Thomas Jefferson’s call for revolution in 1821: “God forbid we should ever be
twenty years without a rebellion...The tree of liberty must be refreshed from
time to time with the blood of patriots and tyrants”. Abraham Lincoln on equality in 1858: “I will
say then that I am not, nor ever have been, in favor of bringing about in any
way the social and political equality of the white and black races”. We reviewed inflammatory books, and even had Zap Comix-like cartoons drawn by fellow
students.
Of course, we
couldn’t actually sell the paper. First,
we didn’t want anyone to know it was us. Second, it was against school
policy...something about “grounds for expulsion”. Third, we didn’t want anyone to know it
was us. So we instructed our
salespeople to set the paper down on a desk or on “The Wall in front of the
high school, then pick up the quarter that was left in its place. Slick!
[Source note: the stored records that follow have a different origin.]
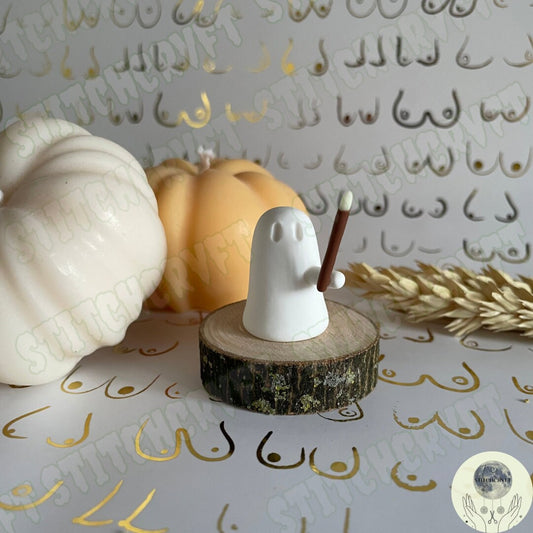 Ghost holding wand with glowing tip | Handmade to order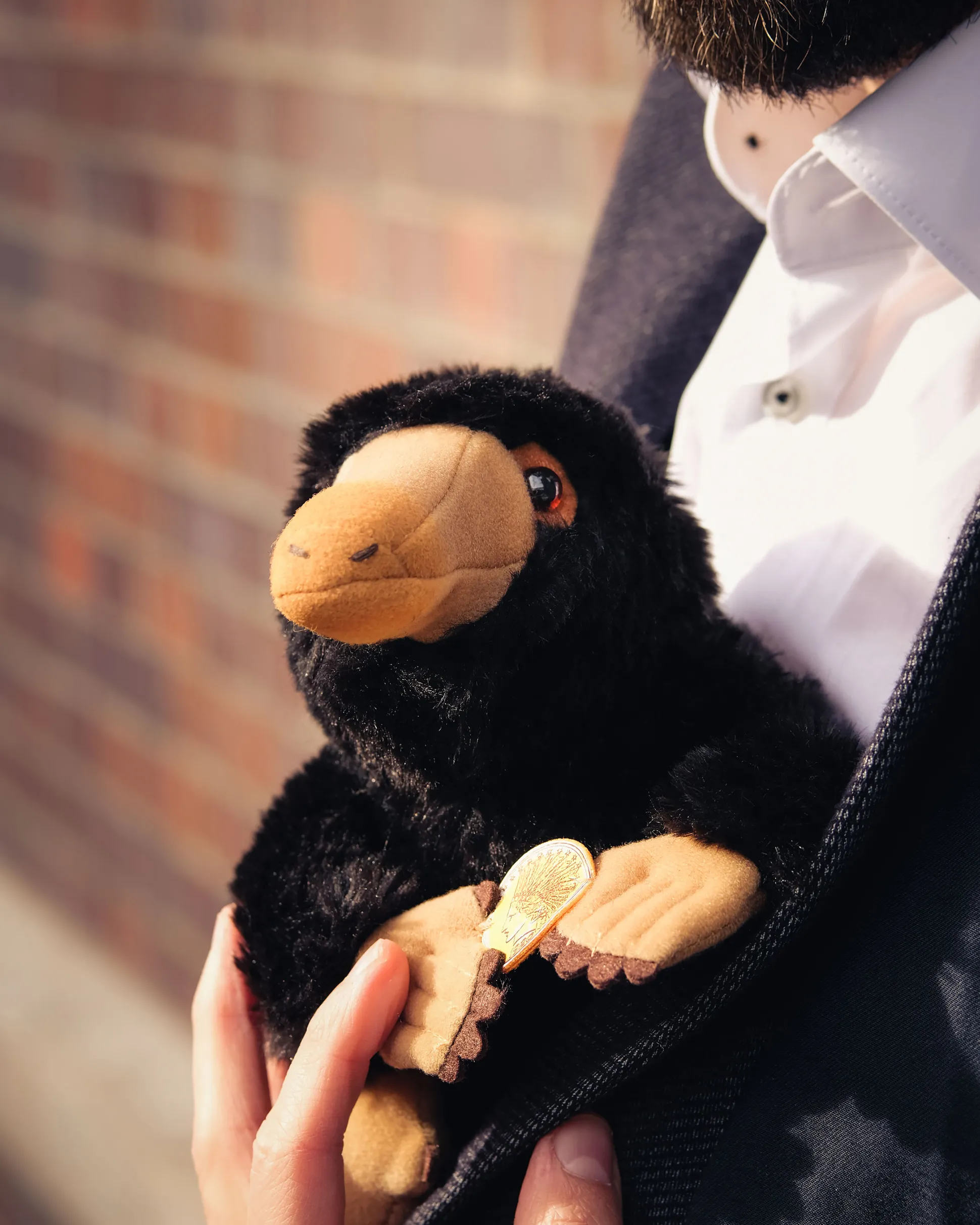 Deze Niffler‑pluche daarentegen is een volkomen onschuldige speelkameraad die dankzij de vastgenaaide schat je kostbaarheden thuis met rust laat en genoegen neemt met knuffels. De perfecte metgezel voor elke fan van de magische wereld rond Newt Scamander en Harry Potter.
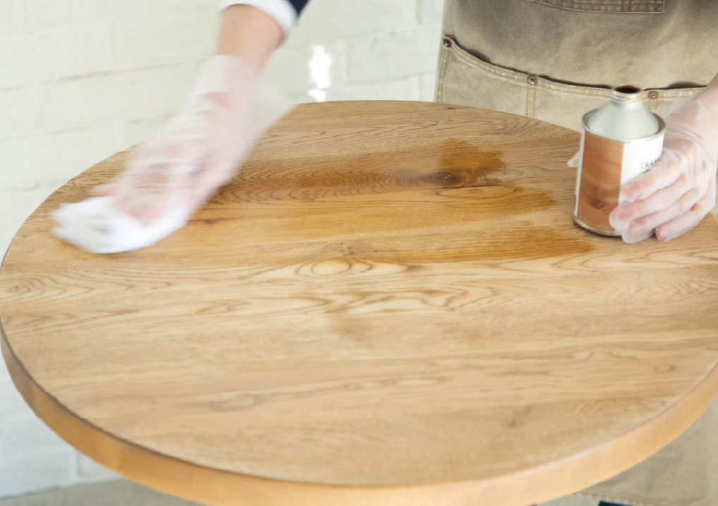 ウエスにオイルを染み込ませ、木目に沿って表面・側面をムラなく塗ります。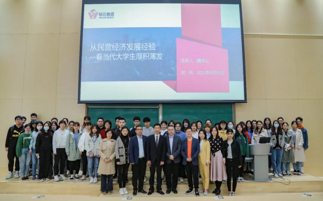 楊武副書記對(duì)講座進(jìn)行了點(diǎn)評(píng)。楊武副書記認(rèn)為魏董事長(zhǎng)的講座是一堂生動(dòng)的思政課與職業(yè)規(guī)劃課。媧石集團(tuán)的發(fā)展歷程是波瀾壯闊的黨史、改革開放史的一個(gè)縮影,正是因?yàn)橛袐z石集團(tuán)這樣能夠順應(yīng)時(shí)代潮流,不屈不撓、銳意改革、不懈奮斗的企業(yè),我們的國(guó)家才能取得今天舉世矚目的成就,正是有這樣的企業(yè),我們更加堅(jiān)定了對(duì)中國(guó)特色社會(huì)主義道路的認(rèn)同。楊武副書記指出,魏董事長(zhǎng)所展現(xiàn)的敢于擔(dān)當(dāng)、銳意進(jìn)取、艱苦奮斗的中國(guó)企業(yè)家精神與強(qiáng)烈的家國(guó)情懷和社會(huì)責(zé)任感值得我們學(xué)習(xí)。楊武副書記勉勵(lì)同學(xué)們,要向魏董事長(zhǎng)學(xué)習(xí),堅(jiān)定理想信念,練就過(guò)硬本領(lǐng),昂揚(yáng)奮斗精神,力求知行合一,將自身發(fā)展的“小我”融入黨和國(guó)家發(fā)展的“大我”中,為建設(shè)社會(huì)主義現(xiàn)代化強(qiáng)國(guó)、為中華民族偉大復(fù)興貢獻(xiàn)自己的力量。

Over at ISSUES, Dennis was not happy.
REVELATION, this crude, irresponsible upstart,
would only stain the noble and responsible objectives of his beloved ISSUES, and worse, it ran the risk that
both would be grouped together as “those student papers”. He
suspected Vince had something to do with it and he repeatedly asked me if I
knew who was putting it out.
Taking that
fearless, unrelenting stand on behalf of all that was right, I lied, and denied
knowing anything about it.
It came to a
head one afternoon as I was helping to finalize the latest edition of ISSUES.
As usual, Dennis was ranting about REVELATION
and its lack of professionalism, responsibility, accountability. The list went on. At the very last minute before it was
attached to the mimeograph machine, Dennis added to his front page this brief
note in a box: “We prefer REVELATION by
John”. We finished the edition which was
set to be sold the next morning at “The Wall”.
That morning
both ISSUES and REVELATION hit the street, and on the front page of REVELATION was this note: “To our comrades on ISSUES...John says thank
you.”
Dennis lost
his mind.
Of course, the
next REVELATION edition had also been
almost finished and after Dennis made his “John” comment I couldn’t help but
respond and we rushed it out for the same day.
Dennis
narrowed his suspects to the small group who had been with him when he wrote
his ISSUES comment. I finally confessed, and to his credit we
continued to be friends.
We published
a couple of more editions, then school and, more importantly, girls, lured us away
from our unbridled commitment to social responsibility and back to the reality
that we were only sixteen years old. In
the end, REVELATION went out with the
proverbial whimper, but, looking back, the fun we had was bang enough.